Much to Catherine’s surprise and delight, her partner Louise shows up and together they conduct their own unofficial search for a killer. It’s not long before they find this small resort town isn’t quite as pleasant as they thought.
The mystery keeps you guessing throughout the book. The victim is not well-liked, which means there are many suspects to choose from. Even the local deputy had a reason to want this man dead. The story is filled with deception, betrayal and a stray dog that seems attached to Catherine’s husband. This isn’t how the O’Brien’s planned to spend their vacation.
This is the sequel to the author’s first book, “A Grand Murder” and it picks up right where the first one left off. Although I enjoyed “A Grand Murder”, I enjoyed this even more. The friendship between Catherine and her partner Louise is the best part of this series. They remind me of Thelma and Louise, but these two are on the right side of the law. I can’t wait for the third book!
FTC Disclosure: The author provided me with a copy of this book to review. This did not influence my thoughts and opinions in any way. All opinions expressed are my own.
For reading challenges:
2013 ARC Reading Challenge
2013 E-Book Reading Challenge
2013 Where Are You Reading? Challenge (Minnesota)
Please join me in welcoming author Stacy Verdick Case to Socrates’ Book Review Blog. Stacy is the author of the Catherine O'Brien mystery series. Her second book, “A Luring Murder” was released in December.
1) How did you begin your writing career?
I didn’t start to seriously pursue a career as a writer until I turned 25. That’s when my sister dug up an old goal sheet her, and I had written as kids titled, “By the Time I’m 25.” We laughed at things like I would be married to John Taylor from Duran Duran, but there was one little note that really depressed me. It said, “I will write a novel.” It took about a week after that for me start working on my first manuscript.
2) Are you a mystery reader? Is that why you chose mystery as your genre to write?
Oh yes, I am a devout mystery reader although I consider myself an omnivore reader. If there are words that sit still long enough I will read them, I don’t care what genre they’re in. I love a good romance, horror, literary, self-help, spiritual, reference books, there isn’t anything I won’t read. Anyone who haunts my GoodReads shelf can attest to that.
Originally, I started writing romances, but an editor commented on the high body counts in my books and asked if I’d considered writing mysteries. Then I attempted a romantic mystery but Catherine wanted to be born.
3) Do you have an outline for this series? Do you know exactly how the series will play out?
No, not at all. And outline would imply I knew what these characters are doing.

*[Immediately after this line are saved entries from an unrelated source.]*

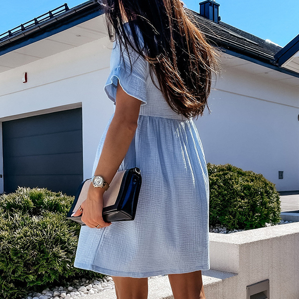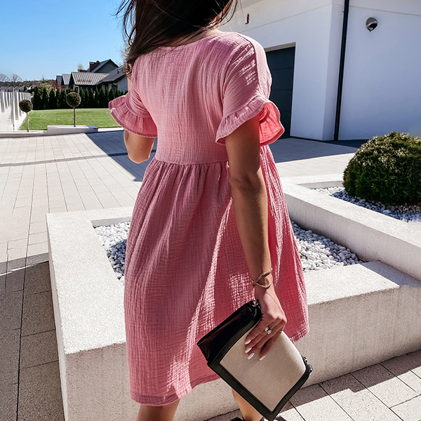 On your lazy days or casual weekends when you don't wanna take too much time for your daily matching,then you can just slip into this easy-to-wear dress. Solid color style,finished with short sleeve,round neck and ruffle cuff,this dress definitely can give you a cozy,sweet yet stylish daily style.
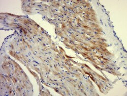 - Paraformaldehyde-fixed, paraffin embedded rat heart; Antigen retrieval by boiling in sodium citrate buffer (pH6.0) for 15min; Block endogenous peroxidase by 3% hydrogen peroxide for 20 minutes; Blocking buffer (normal goat serum) at 37°C for 30min; Antibody incubation with MRas Polyclonal Antibody, Unconjugated (bs-1882R) at 1:400 overnight at 4°C, followed by a conjugated secondary for 20 minutes and DAB staining.
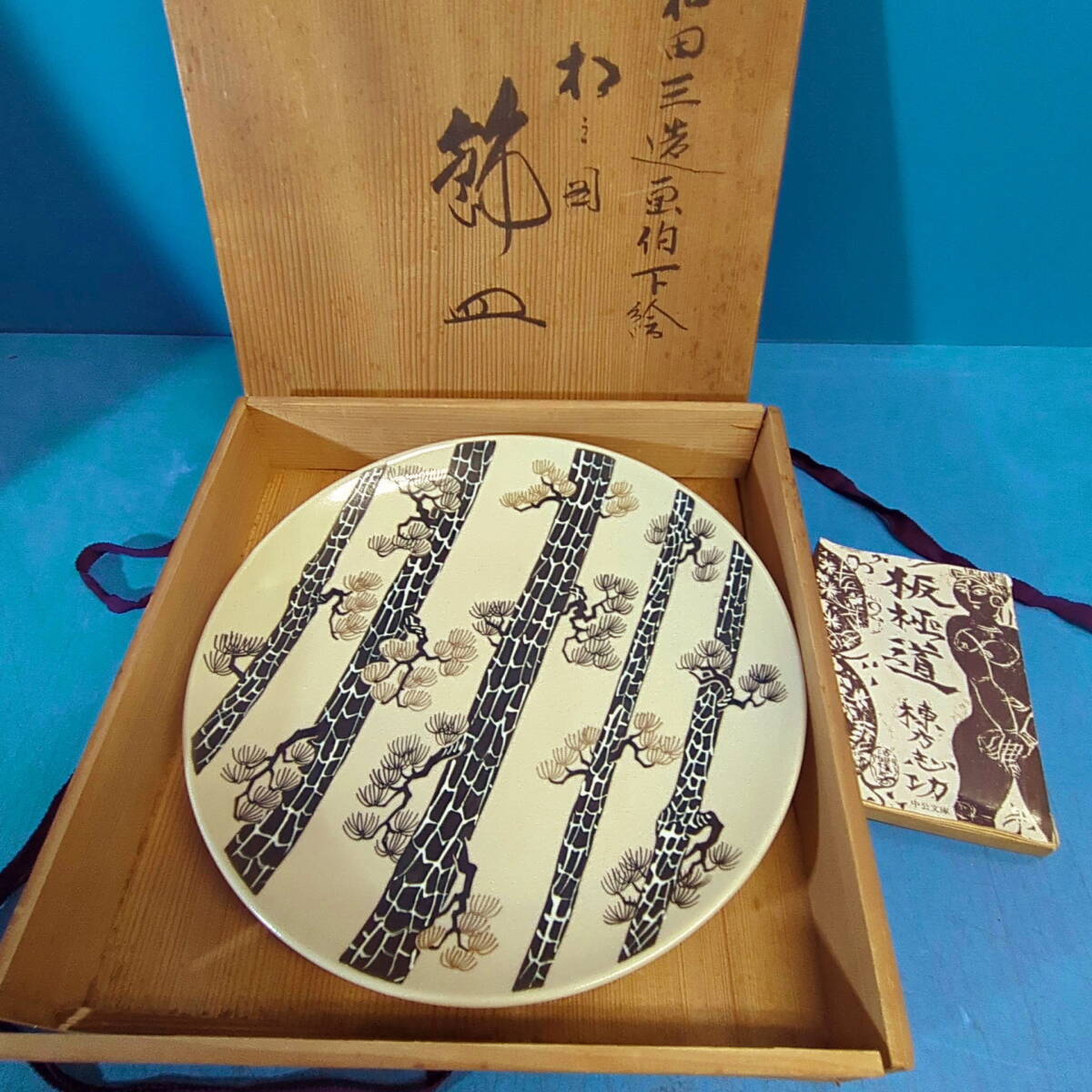 - kankando『和田三造下絵 松之図 飾皿』径28.5cm 京焼 松斎サイン 共箱《真作》
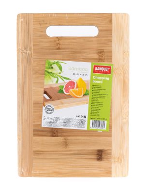 Doštička s rúčkou 30 x 20 x 1,5 cm, BRILLANTE, bambus. rozmery: 30 x 20 x 1,5 cm materiál: bambusové drevo Bambusová krájacia doštička je vhodná na krájanie mäsa, zeleniny a ďalších potravín.
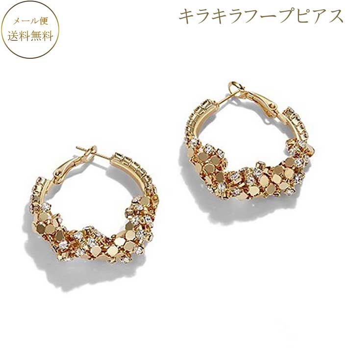 ピアス 大ぶり ピアス 大きめ ピアス オフィス ピアス キラキラゴールドのフープピアス 大ぶりピアス上品 清楚 大人 カジュアル オフィス 女性 結婚式 お呼ばれ アクセサリー敦華 Atsuka
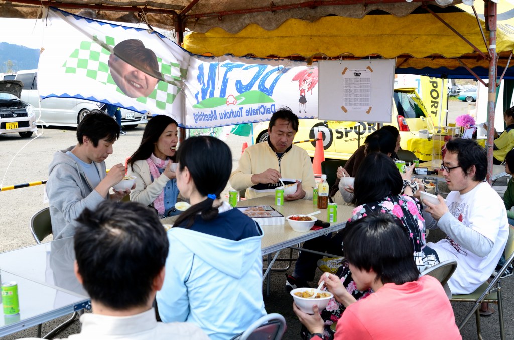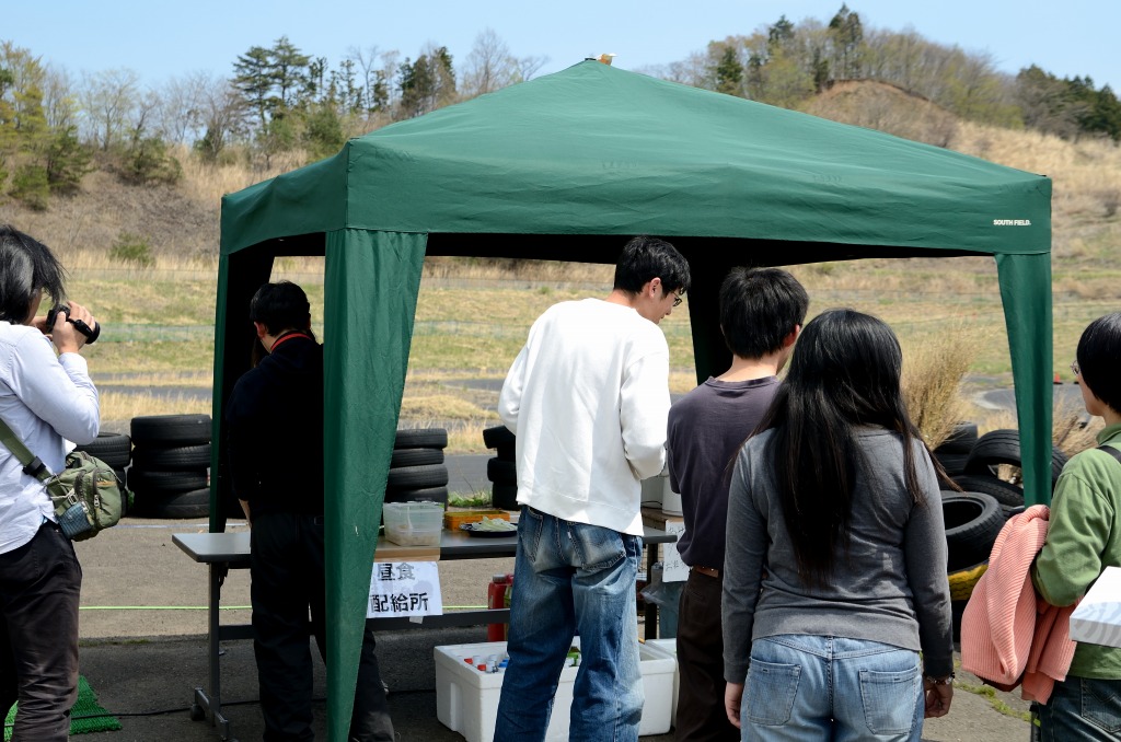 3ヒート目が終わると、みんな一斉にコントロールタワー横のサザンカレー配給所に並びます。
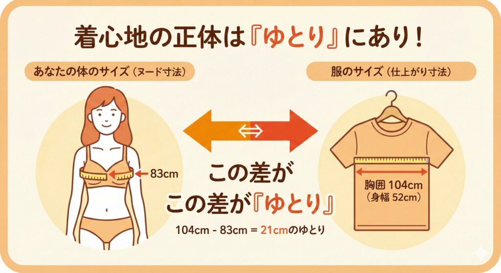 そして、このヌード寸法と仕上がり寸法の関係性こそが、着心地の良し悪しを決める「結果」を生み出します。具体的には、この2つの寸法の差が「ゆとり」になるのです。この「ゆとり」こそが、モデルさんが着ているような「いい感じのフィット感」の正体です。
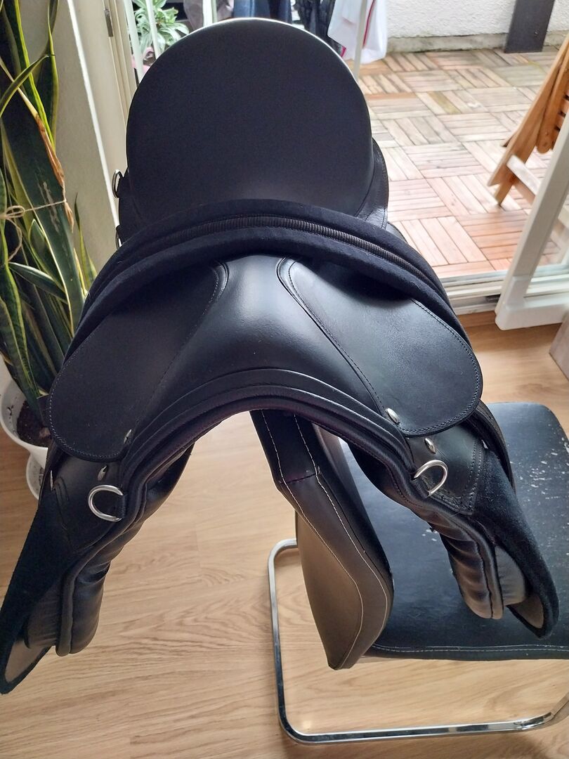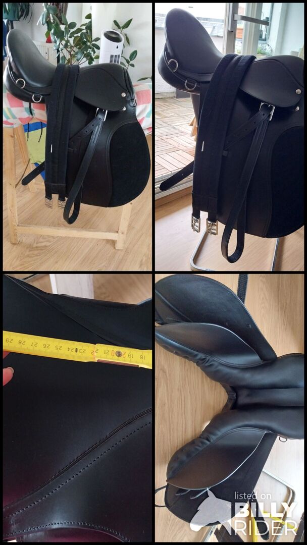 16,5-calowe siodełko w idealnym stanie wraz z akcesoriami. - Oferuję siodło w idealnym stanie (jeździłem tylko raz), które nie pasuje i dlatego wisi. Ma małe ślady pod skórą lewego strzemienia (patrz zdjęcie).
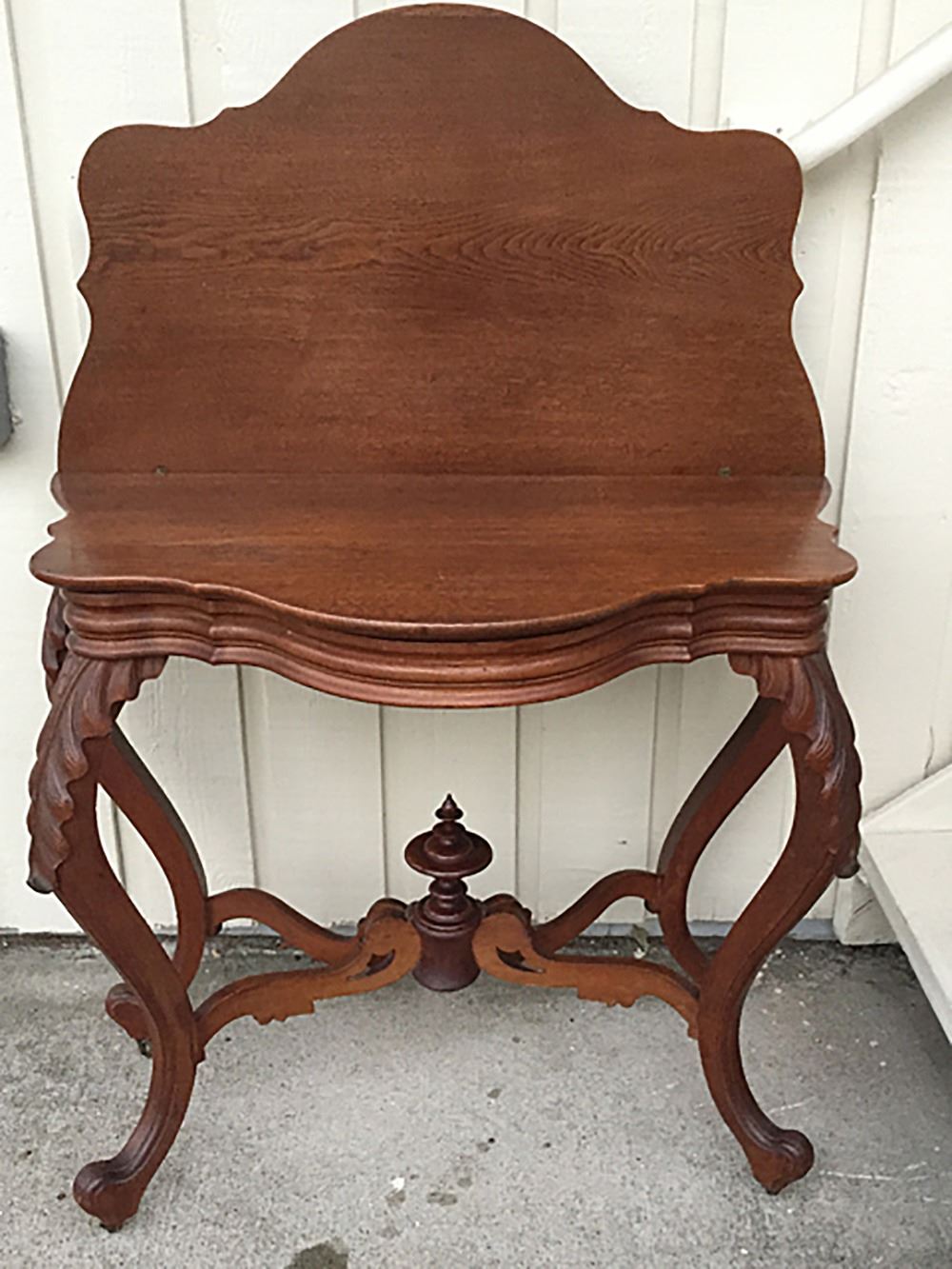 Victorian Walnut game table, c. 1860s. Beautiful turtle shaped lift top game table, has original carved walnut finial at base, all original finish with brass castors. Nice, clean, original example of Victorian game table. Measures approx. 18" deep x 31" long x 27 1/2" high

I’m what other writers call a pantser. I write by the seat of my pants. I tried to outline once, but the story just wouldn’t behave, it kept going off on tangents that I didn’t expect. As a writer, you’re either a plotter who knows every nuance of the story before you start, or you’re a pantser who trusts it will all work out in the end.
4) How many books will there be in the series and do you have any other series planned?
I wish I knew. I have a third book waiting in the wings, but I don’t have any idea how many there will be. I’ll keep writing as long as I think I can make a story fresh and fun. If I’m bored I’ll stop because I think the reader will be able to tell that I’m not into it anymore.
I’m not sure I’d try another series. If the characters were compelling enough that I wanted to carry on with them, then maybe. At the moment though there’s no plan for a second series.
5) Do you have any favorite authors and/or books to recommend?
Every year I re-read To Kill a Mockingbird. That book is so well written that it’s impossible to find fault with it.
6) What do you think about the sudden e-book explosion? Do you like it?
Anything that gets people reading is wonderful. I have a Kindle and an iPad with all the reading apps. When you read as much as I do they’re convenient. My Kindle is the little bitty one, and it fits so nicely in a purse I am never caught in a long line without a book anymore. I now have one book going on Audio in my car, a paperback on my bedside, and another book on my Kindle. Any way you can squeeze a good book into your day is okay by me.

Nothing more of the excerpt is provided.